A good heart doesn't really serve you well, here. The majority of the time, you'll end up making less money when trying to make your family and residents happy, then if you were to obey the Ministry's wishes. Filing reports or resident profiles earns you some pretty good cash, if you're able to take a good rifle through an apartment and find incriminating evidence. But...you risk the lives of your residents, the ones who might've been pretty decent human beings all along. It's this sense of morality that Beholder handles so well. The choice element of Beholder, (even if most of the choice's outcomes are, like the concept of this game, bleak), is definitely a strong point. Being able to weave the game into the route you want to take lends to the addictive nature.

What makes this game even more difficult is that there are just far too many objectives on the top-left of the screen at one time. The majority of them are timed, and it's incredibly hard to work on everything at the same time. I found on my second play-through, it was slightly easier on the 'easy' difficulty, but that overwhelming feeling didn't take long to sink in...even if I was earning a bit more money than the first time. 

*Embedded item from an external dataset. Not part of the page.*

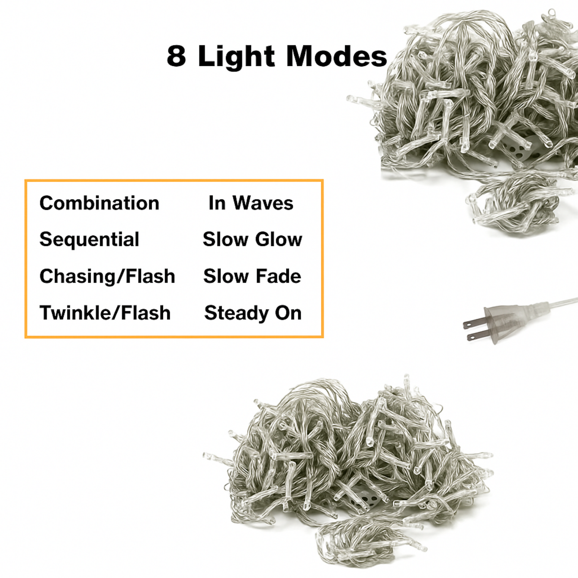 - 8 Lighting Modes: Includes combination, in waves, sequential, slo-glo, chasing/flash, slow fade, twinkle/flash, and steady on.

I'm sure some people would find this game a little too bleak to return multiple times too, especially to check out the even darker DLC (which I'll go into a little more detail about below...keep reading!). However, there's subtle hints at dark humour at times which help to balance out the doom and gloom...albeit, not by much. Try reading the 'Government Directives', for example.


Eesh. Hide your grandparents.
Beholder could easily become repetitive, and in some respects it is, but the sheer volume of orders that come in for you to complete at any given time definitely keeps you on your toes. 

Beholder: Blissful Sleep DLC



The Complete Edition is packaged with the DLC Blissful Sleep, a brief DLC that took me around three hours to play through. This time around, you're playing a new character who has just been told that he's due to be euthanized under the 'Blissful Sleep' program, now that he's hit 85. Sent to the same location as the main game, he takes the landlord position once more as he works to get his final affairs in order.

Apart from the new character (and his fluffy cat), there's not much that different this time around, other than some slightly different missions, such as collecting DNA samples from select tenant's belongings. For future DLC or sequels, it'll be interesting if we could explore this distopian world in different settings.



Summary
Beholder is a fun management game. Each mission has several directions you can take, and although it's tough, it's quite fun to try and manage several missions at the same time. However, the game falters at times, as it often feels that your decisions are forced into a particular direction. It's evident that the state are the ones who have the full control, so it's a little disheartening when none of your own efforts really go anywhere. This makes going rogue and turning your back on their directives often near impossible. A slight tweak in balancing would've worked in it's favour. 

Aesthetically, the game's bleak dystopian setting looks great. The melancholy soundtrack is equally as gorgeous, and there are some truly interesting characters to interact with. I found that it's an easy game to sink some time into. I soon became addicted to completing missions in the set time frame, and trying to keep everyone satisfied. I tried a 'good guy' playthrough, and an 'obedient Ministry servant' playthrough. Playing in favour of the Ministry made me feel like a truly horrible person at times, while being the decent landlord was a tough slog. I recommend giving it a go on both, as both scenarios offer different experiences.